** WORK TASK **
Leaving out the pictures, reproduce each record exactly and in full.
*** DATASET CONTENT ***
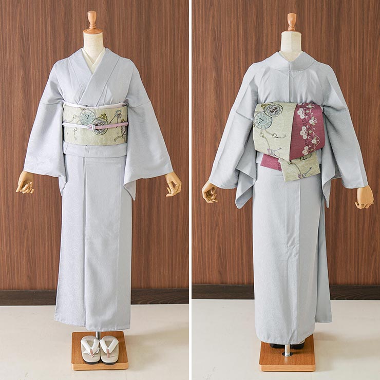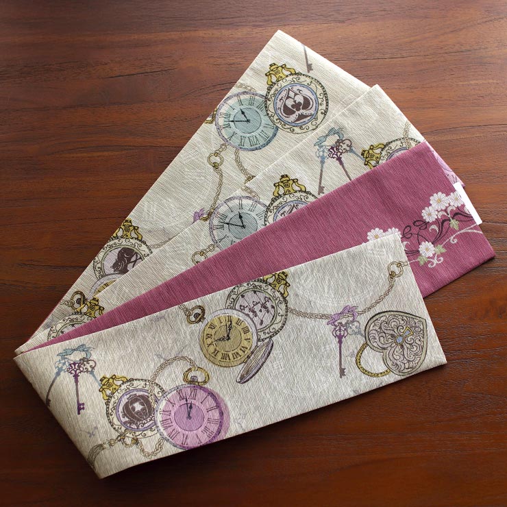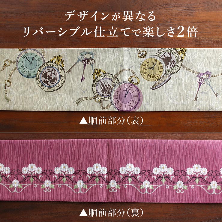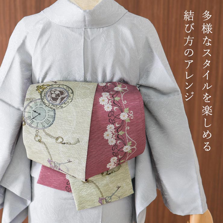 | 巻く位置によって表情を変える 両面主役級のリバーシブルデザイン。 こちらの帯は両面使えるリバーシブル仕様。 |
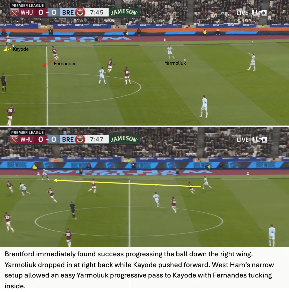 Especially in the first half before Nuno switched to 5 at the back, Kayode routinely found success getting forward. West Ham’s very narrow set up allowed Kayode and Ouattara to easily progress the ball and then Kayode completed 4 crosses in the box.
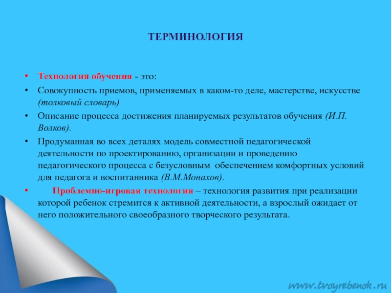 Проблемно-игровая технология – технология развития при реализации которой ребенок стремится к активной деятельности, а взрослый ожидает от него положительного своеобразного творческого результата.
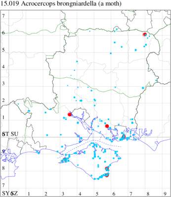 For the maps, all records prior to 2020 are shown by a blue dot (the larger the dot, the more recent), with the current year's records shown in red. As previous records are superimposed on any report for 2020, new sites have greater emphasis (i.e. will show as 'more red').
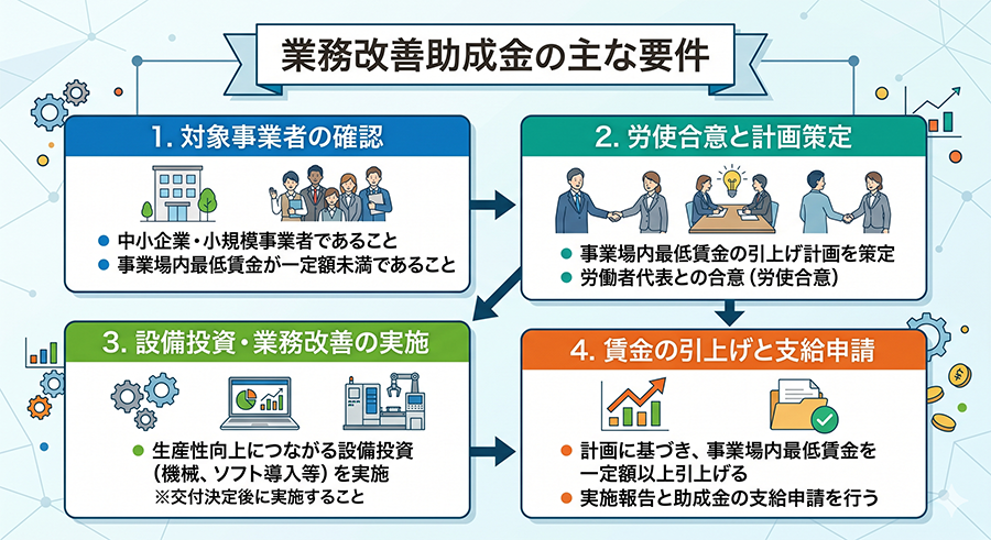 業務改善助成金を受け取るための仕組みは、非常にシンプルです。以下の2つのアクションを「セットで」行うことが条件となります。
*** End of DATASET CONTENT ***
** ANSWER TO THIS TASK **
 | 巻く位置によって表情を変える 両面主役級のリバーシブルデザイン。 こちらの帯は両面使えるリバーシブル仕様。 |
 Especially in the first half before Nuno switched to 5 at the back, Kayode routinely found success getting forward. West Ham’s very narrow set up allowed Kayode and Ouattara to easily progress the ball and then Kayode completed 4 crosses in the box.
 Проблемно-игровая технология – технология развития при реализации которой ребенок стремится к активной деятельности, а взрослый ожидает от него положительного своеобразного творческого результата.
 For the maps, all records prior to 2020 are shown by a blue dot (the larger the dot, the more recent), with the current year's records shown in red. As previous records are superimposed on any report for 2020, new sites have greater emphasis (i.e. will show as 'more red').
 業務改善助成金を受け取るための仕組みは、非常にシンプルです。以下の2つのアクションを「セットで」行うことが条件となります。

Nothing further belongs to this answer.